This is the first derivative of the trend line, and it is not difficult to incorporate as a weighted factor of your overall calculation.
Normalize
One technique you'll need to do is to normalize all your data. For each topic you are following, keep a very low pass filter that defines that topic's baseline. Now every data point that comes in about that topic should be normalized - subtract its baseline and you'll get ALL of your topics near 0, with spikes above and below the line. You may instead want to divide the signal by its baseline magnitude, which will bring the signal to around 1.0 - this not only brings all signals in line with each other (normalizes the baseline), but also normalizes the spikes. A britney spike is going to be magnitudes larger than someone else's spike, but that doesn't mean you should pay attention to it - the spike may be very small relative to her baseline.
Derive
Once you've normalized everything, figure out the slope of each topic. Take two consecutive points, and measure the difference. A positive difference is trending up, a negative difference is trending down. Then you can compare the normalized differences, and find out what topics are shooting upward in popularity compared to other topics - with each topic scaled appropriate to it's own 'normal' which may be magnitudes of order different from other topics.
This is really a first-pass at the problem. There are more advanced techniques which you'll need to use (mostly a combination of the above with other algorithms, weighted to suit your needs) but it should be enough to get you started.
Regarding the article
The article is about topic trending, but it's not about how to calculate what's hot and what's not, it's about how to process the huge amount of information that such an algorithm must process at places like Lycos and Google. The space and time required to give each topic a counter, and find each topic's counter when a search on it goes through is huge. This article is about the challenges one faces when attempting such a task. It does mention the Brittney effect, but it doesn't talk about how to overcome it.
As Nixuz points out this is also referred to as a Z or Standard Score.
Chad Birch and Adam Davis are correct in that you will have to look backward to establish a baseline. Your question, as phrased, suggests that you only want to view data from the past 24 hours, and that won't quite fly.
One way to give your data some memory without having to query for a large body of historical data is to use an exponential moving average. The advantage of this is that you can update this once per period and then flush all old data, so you only need to remember a single value. So if your period is a day, you have to maintain a "daily average" attribute for each topic, which you can do by:
a_n = a_(n-1)*b + c_n*(1-b)
Where a_n is the moving average as of day n, b is some constant between 0 and 1 (the closer to 1, the longer the memory) and c_n is the number of hits on day n. The beauty is if you perform this update at the end of day n, you can flush c_n and a_(n-1).

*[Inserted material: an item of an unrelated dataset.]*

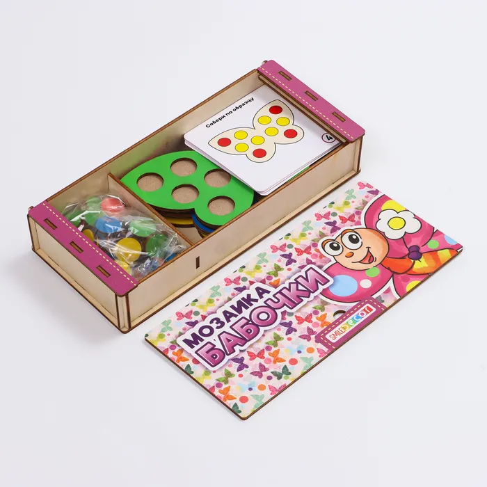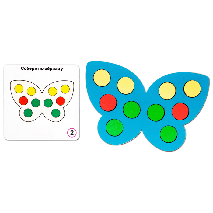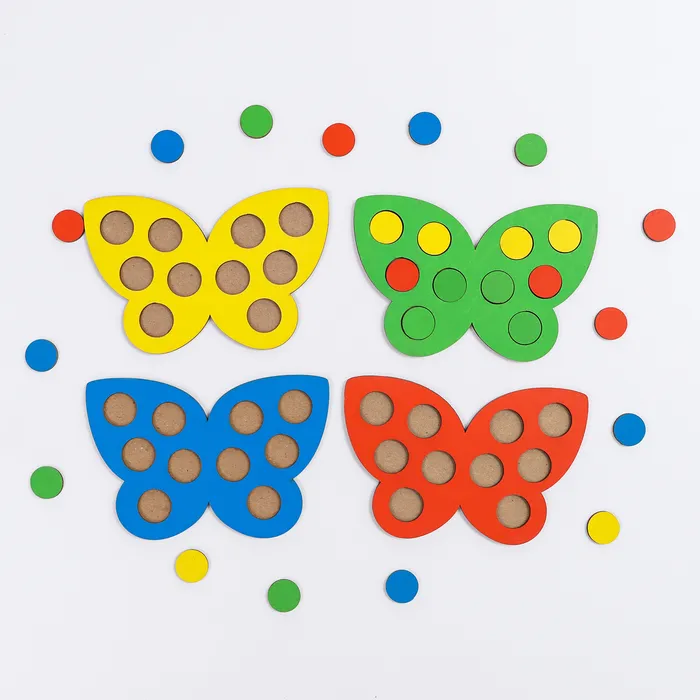 Мозаика «Бабочки» — игрушка для детей, которая познакомит ребёнка с формами и цветами, а также поможет развить мелкую моторику.

The one caveat is that it will be initially sensitive to whatever you pick for your initial value of a.
EDIT
If it helps to visualize this approach, take n = 5, a_0 = 1, and b = .9.
Let's say the new values are 5,0,0,1,4:
a_0 = 1
c_1 = 5 : a_1 = .9*1 + .1*5 = 1.4
c_2 = 0 : a_2 = .9*1.4 + .1*0 = 1.26
c_3 = 0 : a_3 = .9*1.26 + .1*0 = 1.134
c_4 = 1 : a_4 = .9*1.134 + .1*1 = 1.1206
c_5 = 4 : a_5 = .9*1.1206 + .1*5 = 1.40854
Doesn't look very much like an average does it? Note how the value stayed close to 1, even though our next input was 5. What's going on? If you expand out the math, what you get that:
a_n = (1-b)*c_n + (1-b)*b*c_(n-1) + (1-b)*b^2*c_(n-2) + ... + (leftover weight)*a_0
What do I mean by leftover weight? Well, in any average, all weights must add to 1. If n were infinity and the ... could go on forever, then all weights would sum to 1. But if n is relatively small, you get a good amount of weight left on the original input.
If you study the above formula, you should realize a few things about this usage:
All data contributes something to the average forever. Practically speaking, there is a point where the contribution is really, really small.
Recent values contribute more than older values.
The higher b is, the less important new values are and the longer old values matter. However, the higher b is, the more data you need to water down the initial value of a.
I think the first two characteristics are exactly what you are looking for. To give you an idea of simple this can be to implement, here is a python implementation (minus all the database interaction):
>>> class EMA(object):
... def __init__(self, base, decay):
... self.val = base
... self.decay = decay
... print self.val
... def update(self, value):
... self.val = self.val*self.decay + (1-self.decay)*value
... print self.val
...
>>> a = EMA(1, .9)
1
>>> a.update(10)
1.9
>>> a.update(10)
2.71
>>> a.update(10)
3.439
>>> a.update(10)
4.0951
>>> a.update(10)
4.68559
>>> a.update(10)
5.217031
>>> a.update(10)
5.6953279
>>> a.update(10)
6.12579511
>>> a.update(10)
6.513215599
>>> a.update(10)
6.8618940391
>>> a.update(10)
7.17570463519
Typically "buzz" is figured out using some form of exponential/log decay mechanism. For an overview of how Hacker News, Reddit, and others handle this in a simple way, see this post.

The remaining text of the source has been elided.